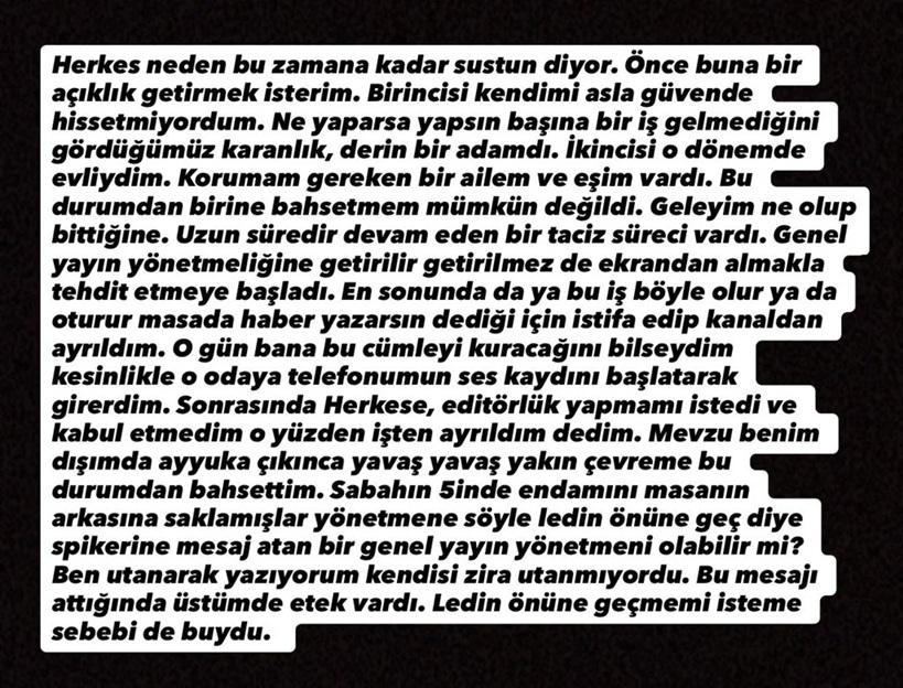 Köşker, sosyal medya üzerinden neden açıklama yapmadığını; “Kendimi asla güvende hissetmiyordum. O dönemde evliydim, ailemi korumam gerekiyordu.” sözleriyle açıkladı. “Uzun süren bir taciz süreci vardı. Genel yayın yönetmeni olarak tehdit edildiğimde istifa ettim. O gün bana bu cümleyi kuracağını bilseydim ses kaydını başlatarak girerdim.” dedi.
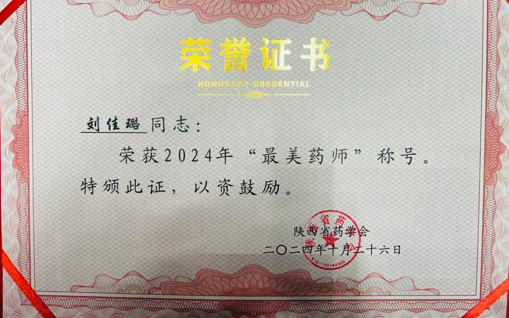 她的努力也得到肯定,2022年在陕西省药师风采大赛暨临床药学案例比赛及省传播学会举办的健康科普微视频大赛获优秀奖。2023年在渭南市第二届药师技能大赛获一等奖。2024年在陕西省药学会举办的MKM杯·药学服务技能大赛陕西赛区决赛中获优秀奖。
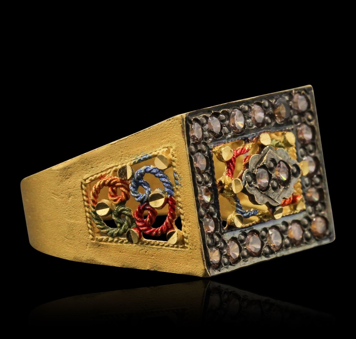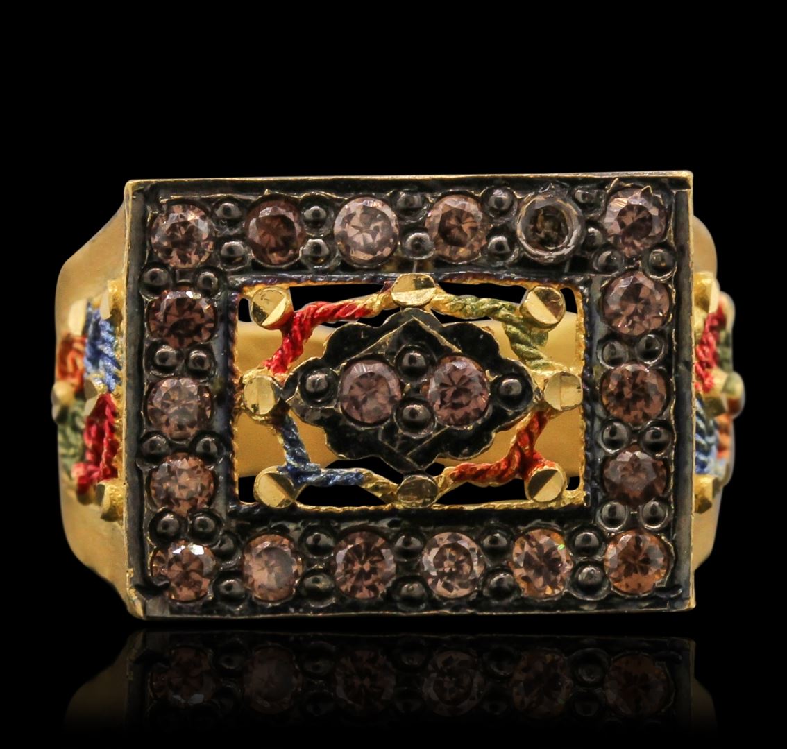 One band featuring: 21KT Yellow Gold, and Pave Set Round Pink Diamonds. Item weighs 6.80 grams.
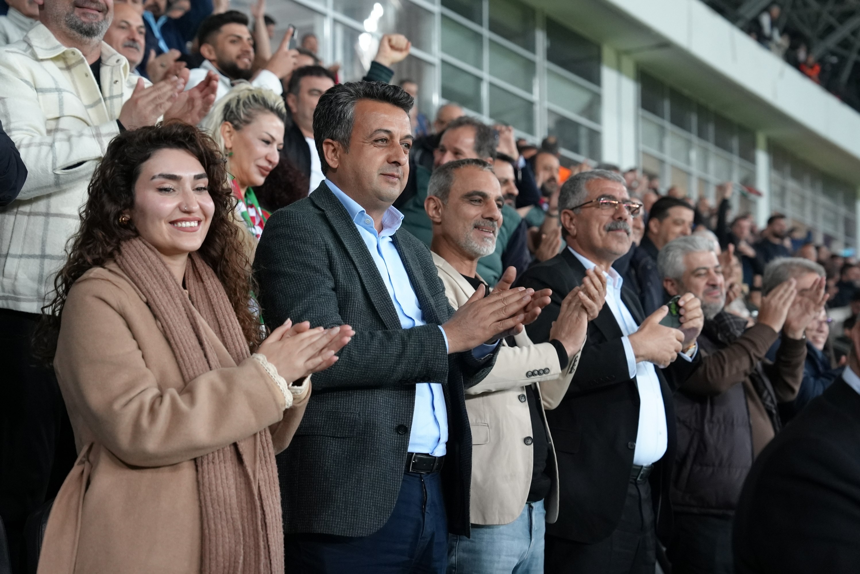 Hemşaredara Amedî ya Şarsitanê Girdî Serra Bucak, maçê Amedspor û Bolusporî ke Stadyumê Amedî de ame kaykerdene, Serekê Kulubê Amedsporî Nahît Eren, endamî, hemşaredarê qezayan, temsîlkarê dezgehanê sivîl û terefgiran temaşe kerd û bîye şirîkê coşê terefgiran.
· · · · ·
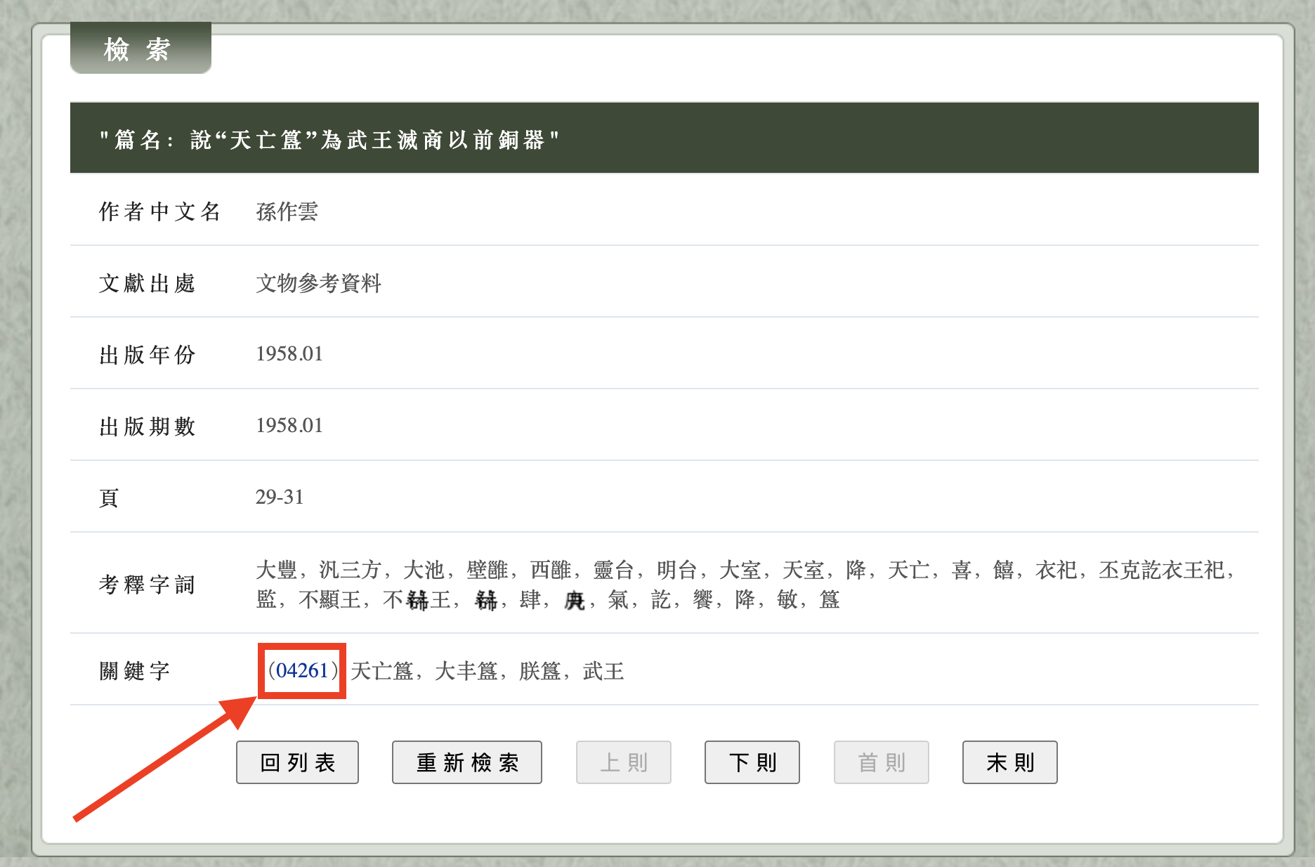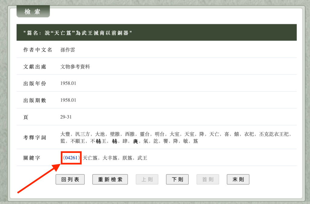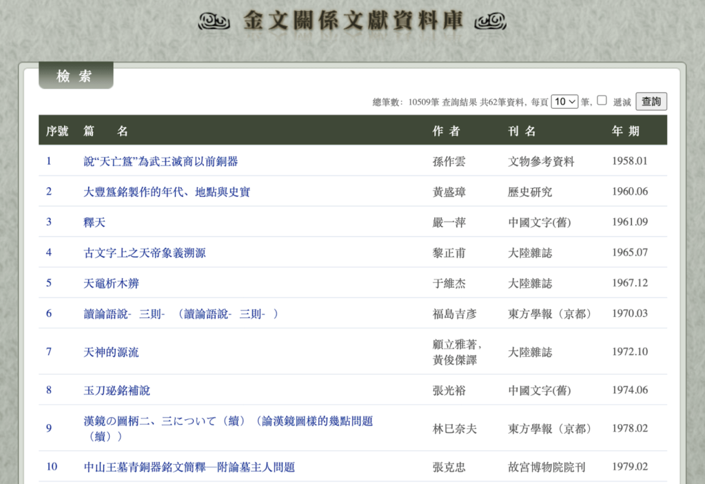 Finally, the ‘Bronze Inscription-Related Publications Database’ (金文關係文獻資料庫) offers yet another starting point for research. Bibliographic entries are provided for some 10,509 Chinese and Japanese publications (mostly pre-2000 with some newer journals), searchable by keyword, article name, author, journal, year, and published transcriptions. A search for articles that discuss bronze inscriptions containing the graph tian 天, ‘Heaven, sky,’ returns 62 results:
· · · · ·
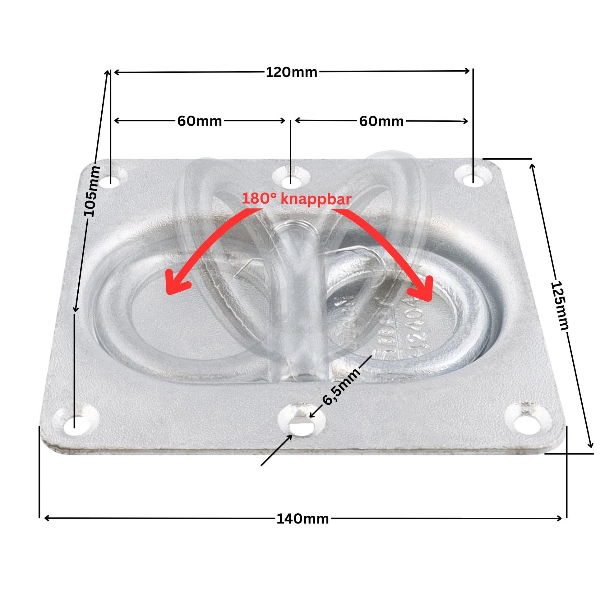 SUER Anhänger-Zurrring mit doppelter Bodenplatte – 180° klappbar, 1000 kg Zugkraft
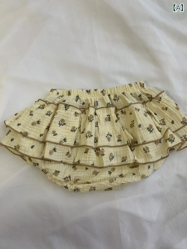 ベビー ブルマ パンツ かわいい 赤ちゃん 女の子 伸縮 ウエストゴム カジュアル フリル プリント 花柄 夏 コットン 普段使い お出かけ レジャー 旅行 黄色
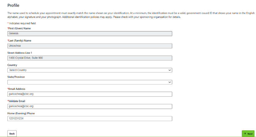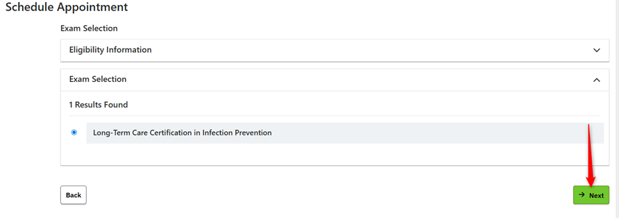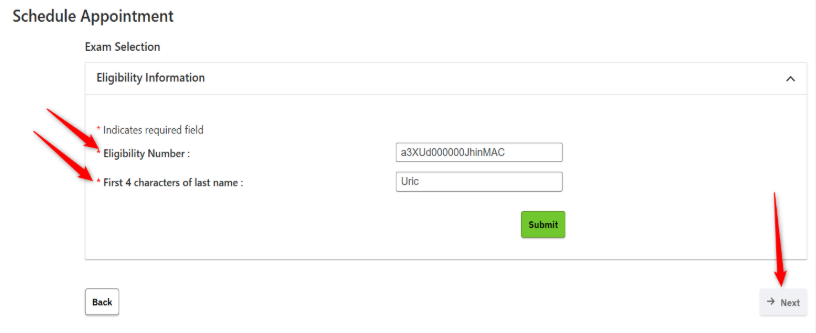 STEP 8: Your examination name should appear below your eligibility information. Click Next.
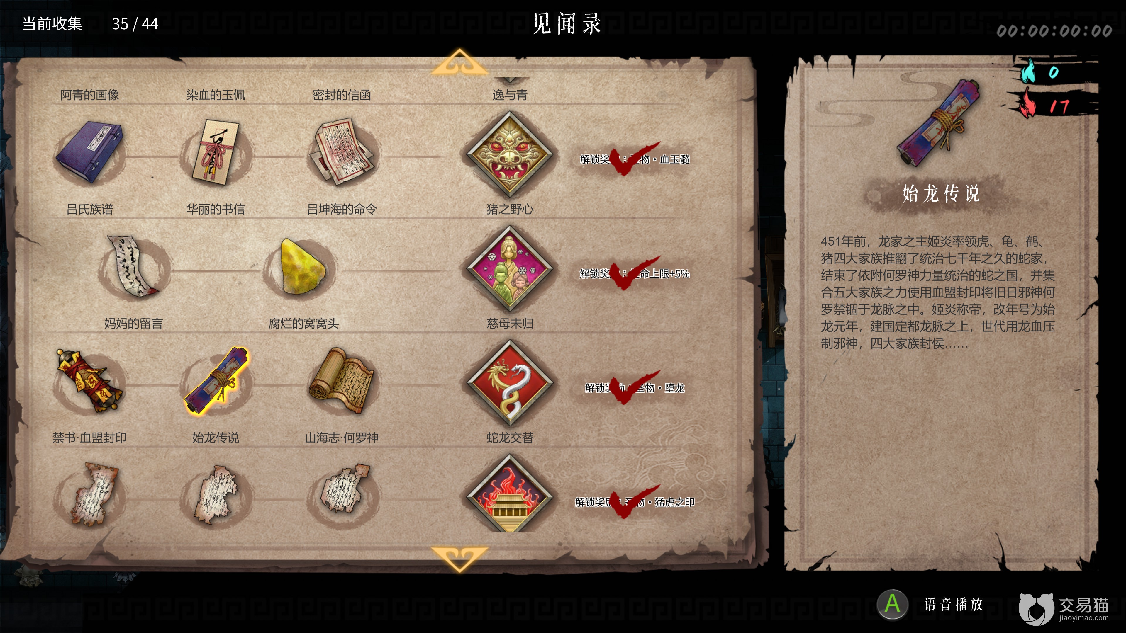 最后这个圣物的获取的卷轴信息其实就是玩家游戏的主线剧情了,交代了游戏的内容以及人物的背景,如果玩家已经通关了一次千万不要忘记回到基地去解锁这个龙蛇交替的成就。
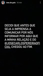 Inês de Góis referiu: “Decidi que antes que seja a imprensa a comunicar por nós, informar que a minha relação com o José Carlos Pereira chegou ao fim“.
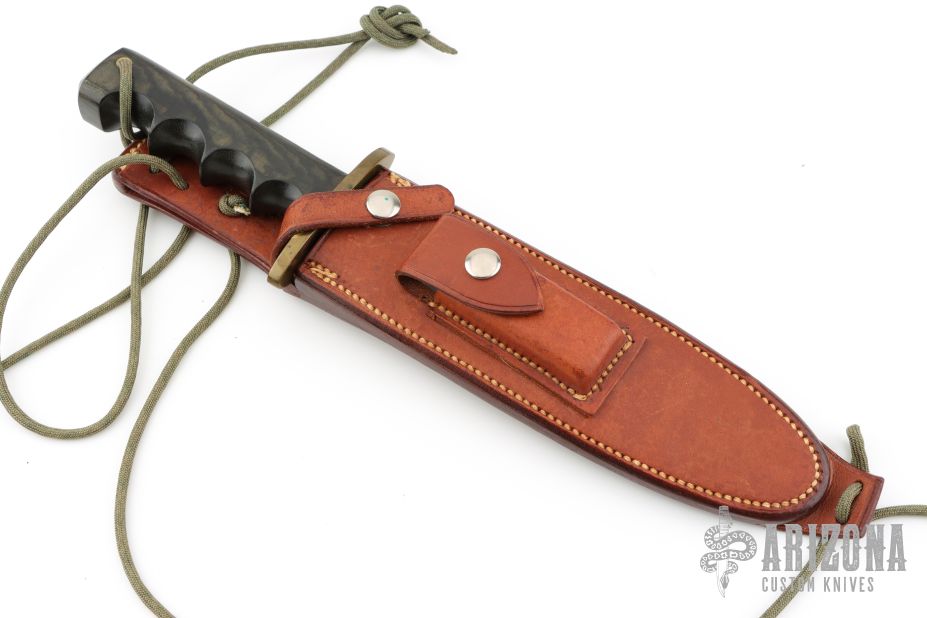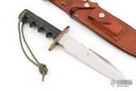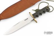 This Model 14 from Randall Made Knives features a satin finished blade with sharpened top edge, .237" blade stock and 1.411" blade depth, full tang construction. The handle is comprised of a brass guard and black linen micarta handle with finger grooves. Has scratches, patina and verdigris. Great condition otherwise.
· · · · ·
[What to work on]: Print nothing except the lines above from the one containing "STEP 8: Your" down to the one containing "This Model 14", both included, exactly as written and free of pictures.

[Answer to the problem]:
 STEP 8: Your examination name should appear below your eligibility information. Click Next.
 最后这个圣物的获取的卷轴信息其实就是玩家游戏的主线剧情了,交代了游戏的内容以及人物的背景,如果玩家已经通关了一次千万不要忘记回到基地去解锁这个龙蛇交替的成就。
 Inês de Góis referiu: “Decidi que antes que seja a imprensa a comunicar por nós, informar que a minha relação com o José Carlos Pereira chegou ao fim“.
 This Model 14 from Randall Made Knives features a satin finished blade with sharpened top edge, .237" blade stock and 1.411" blade depth, full tang construction. The handle is comprised of a brass guard and black linen micarta handle with finger grooves. Has scratches, patina and verdigris. Great condition otherwise.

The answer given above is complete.